Problem statement:
Pictures stay out of this copy, which runs from the first line of the material through the line containing "Talbots Maxi Dress".
%%
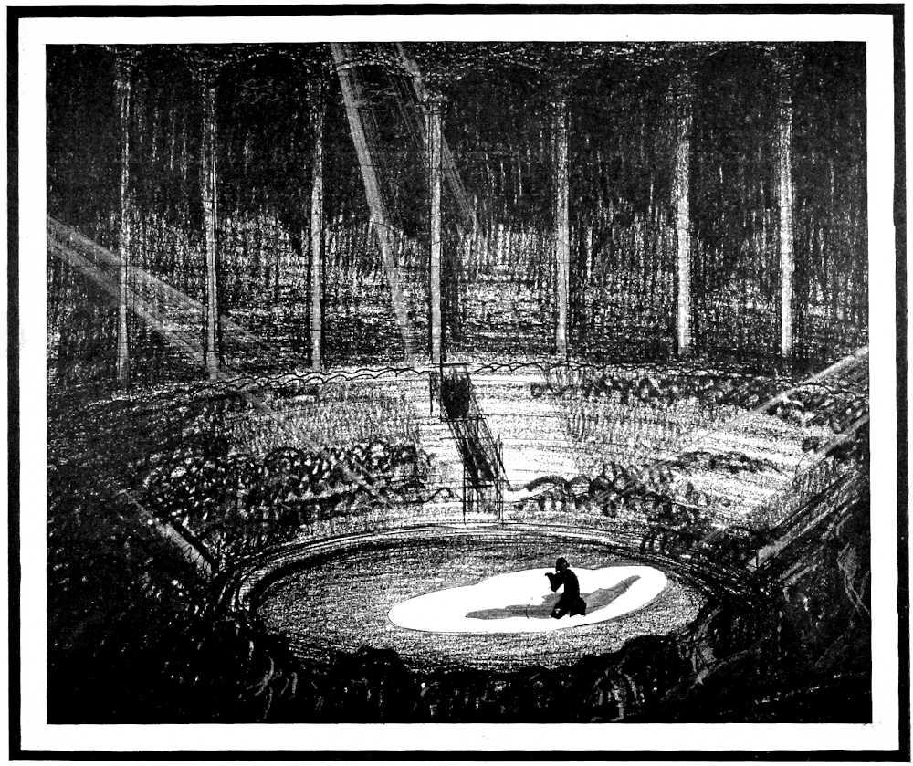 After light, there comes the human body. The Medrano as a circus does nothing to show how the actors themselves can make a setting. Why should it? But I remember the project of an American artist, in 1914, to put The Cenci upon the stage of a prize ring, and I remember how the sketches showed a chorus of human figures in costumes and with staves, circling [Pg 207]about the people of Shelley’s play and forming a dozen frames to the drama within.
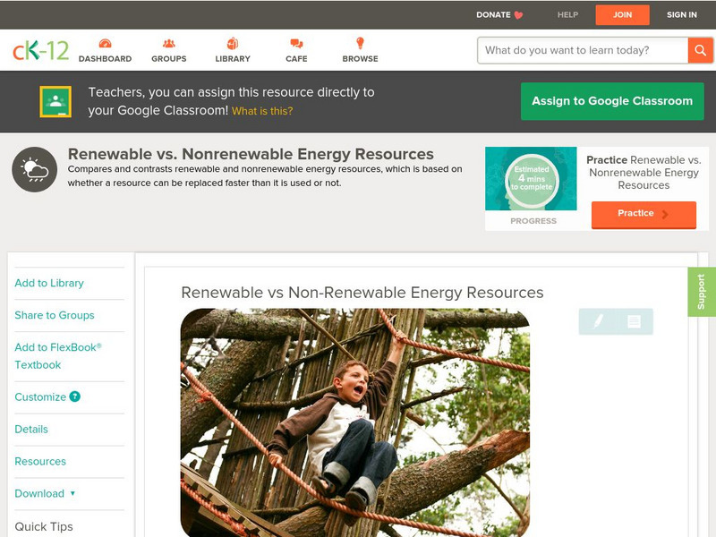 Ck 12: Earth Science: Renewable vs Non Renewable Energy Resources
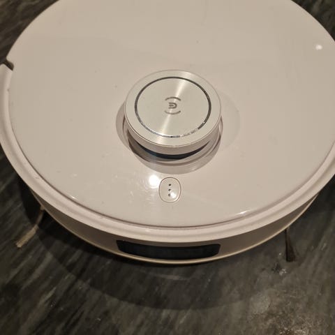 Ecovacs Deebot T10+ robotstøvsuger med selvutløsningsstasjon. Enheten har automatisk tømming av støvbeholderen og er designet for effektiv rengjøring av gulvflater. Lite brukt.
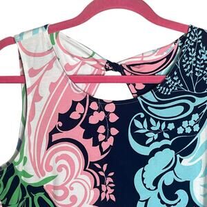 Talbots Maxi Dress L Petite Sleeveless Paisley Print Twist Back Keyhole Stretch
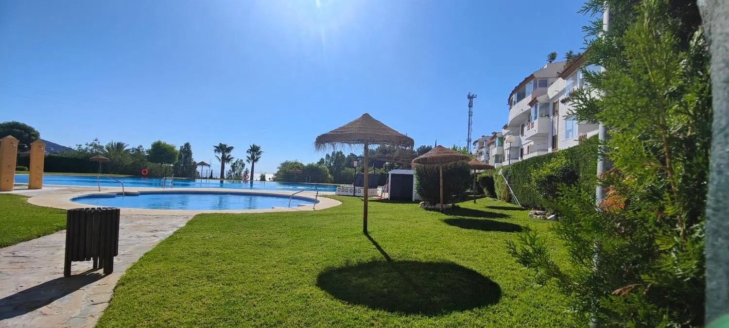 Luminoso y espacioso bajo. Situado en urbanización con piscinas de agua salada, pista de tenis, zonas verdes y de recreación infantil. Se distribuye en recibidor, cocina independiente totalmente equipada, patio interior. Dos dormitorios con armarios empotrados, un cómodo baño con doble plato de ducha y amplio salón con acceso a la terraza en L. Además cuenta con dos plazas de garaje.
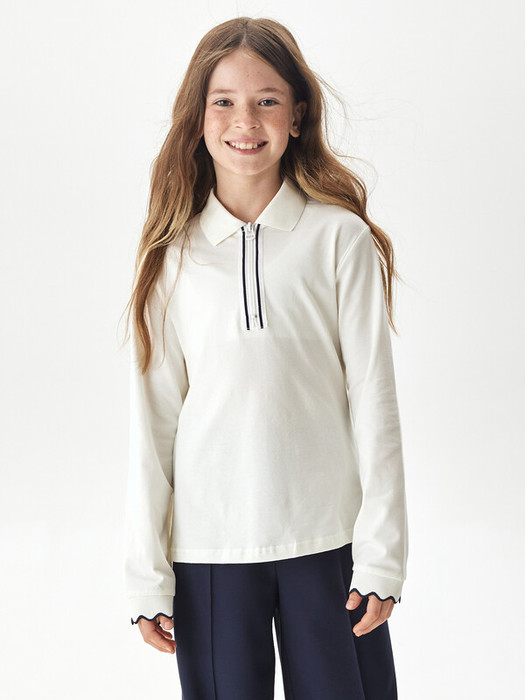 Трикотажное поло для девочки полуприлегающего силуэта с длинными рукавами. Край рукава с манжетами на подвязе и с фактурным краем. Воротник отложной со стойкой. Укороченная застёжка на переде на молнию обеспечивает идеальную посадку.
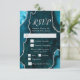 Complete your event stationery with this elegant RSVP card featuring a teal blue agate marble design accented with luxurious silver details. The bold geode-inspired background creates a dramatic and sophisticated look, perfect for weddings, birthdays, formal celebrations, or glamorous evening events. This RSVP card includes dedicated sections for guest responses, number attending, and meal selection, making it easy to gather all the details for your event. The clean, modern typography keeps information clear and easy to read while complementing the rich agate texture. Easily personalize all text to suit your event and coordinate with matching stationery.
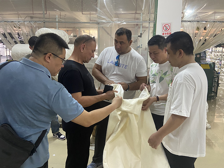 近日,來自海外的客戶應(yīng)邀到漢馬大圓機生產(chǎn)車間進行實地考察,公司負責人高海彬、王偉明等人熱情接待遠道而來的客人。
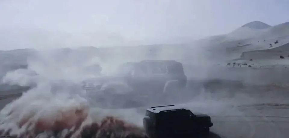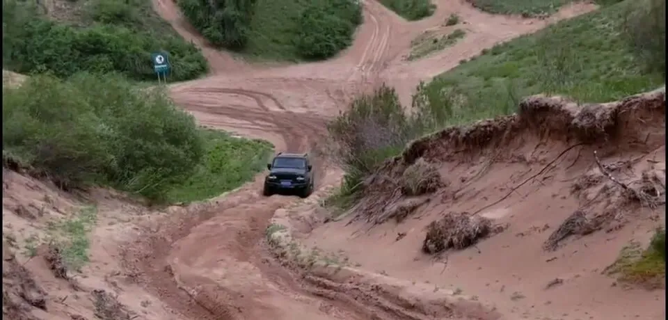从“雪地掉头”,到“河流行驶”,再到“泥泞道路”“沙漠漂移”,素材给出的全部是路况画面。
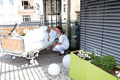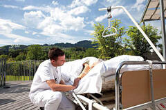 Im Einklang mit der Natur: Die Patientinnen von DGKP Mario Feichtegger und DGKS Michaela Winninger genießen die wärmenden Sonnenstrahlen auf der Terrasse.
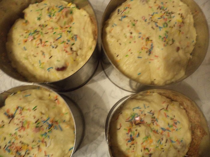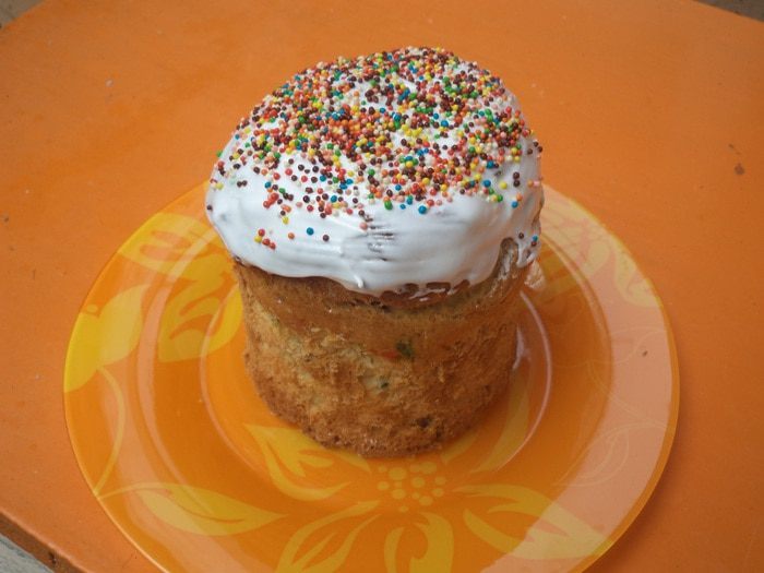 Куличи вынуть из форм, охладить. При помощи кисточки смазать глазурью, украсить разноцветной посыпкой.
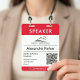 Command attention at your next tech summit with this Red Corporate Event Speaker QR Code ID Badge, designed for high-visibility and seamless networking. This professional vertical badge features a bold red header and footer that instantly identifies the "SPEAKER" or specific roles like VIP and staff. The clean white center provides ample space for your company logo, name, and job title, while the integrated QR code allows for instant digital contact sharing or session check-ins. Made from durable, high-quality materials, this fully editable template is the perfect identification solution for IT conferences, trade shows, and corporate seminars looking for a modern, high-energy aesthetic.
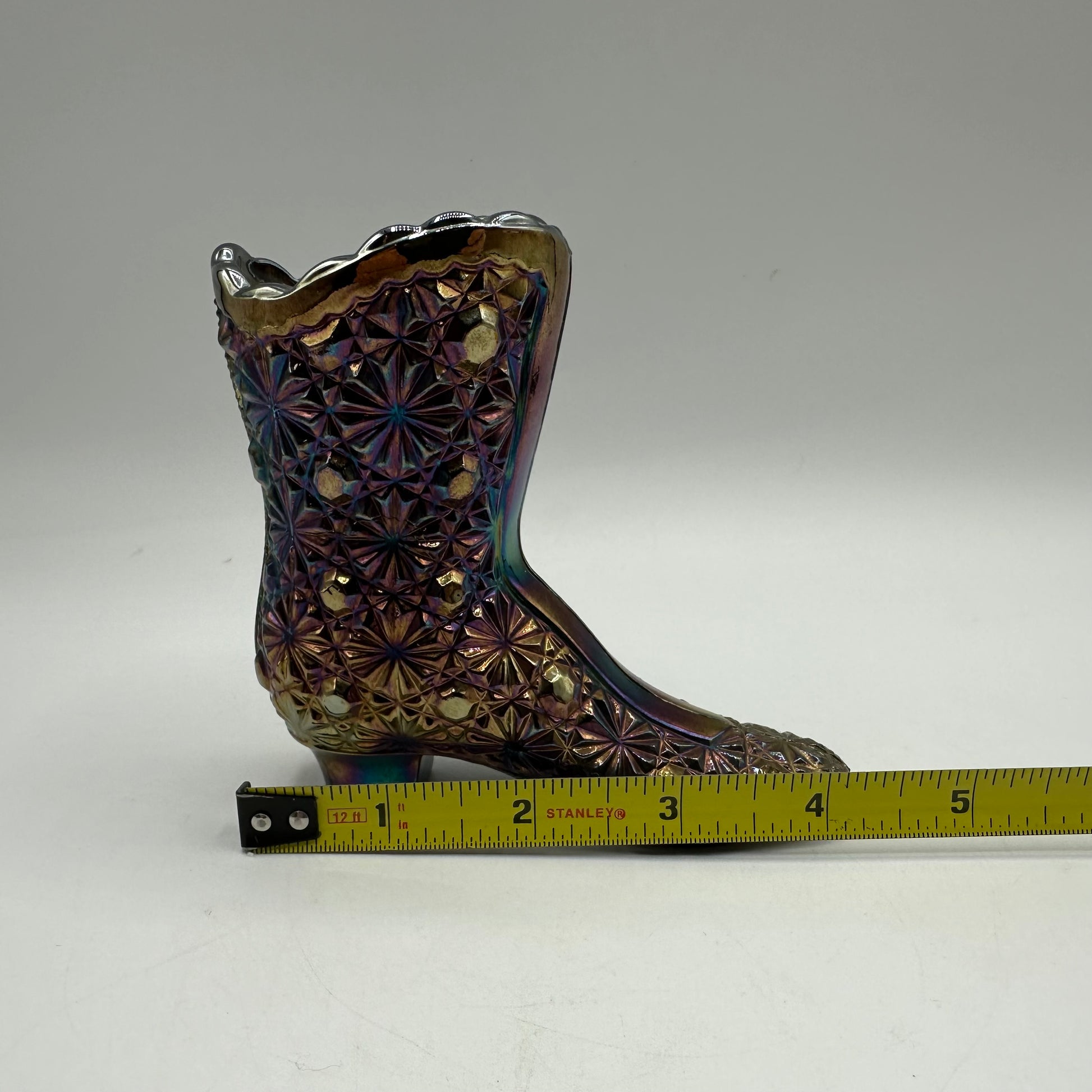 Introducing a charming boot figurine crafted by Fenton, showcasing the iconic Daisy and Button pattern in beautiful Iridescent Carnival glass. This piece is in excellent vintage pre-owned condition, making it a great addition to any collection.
%%
Answer to this task:
 After light, there comes the human body. The Medrano as a circus does nothing to show how the actors themselves can make a setting. Why should it? But I remember the project of an American artist, in 1914, to put The Cenci upon the stage of a prize ring, and I remember how the sketches showed a chorus of human figures in costumes and with staves, circling [Pg 207]about the people of Shelley’s play and forming a dozen frames to the drama within.
 Ck 12: Earth Science: Renewable vs Non Renewable Energy Resources
 Ecovacs Deebot T10+ robotstøvsuger med selvutløsningsstasjon. Enheten har automatisk tømming av støvbeholderen og er designet for effektiv rengjøring av gulvflater. Lite brukt.
 Talbots Maxi Dress L Petite Sleeveless Paisley Print Twist Back Keyhole Stretch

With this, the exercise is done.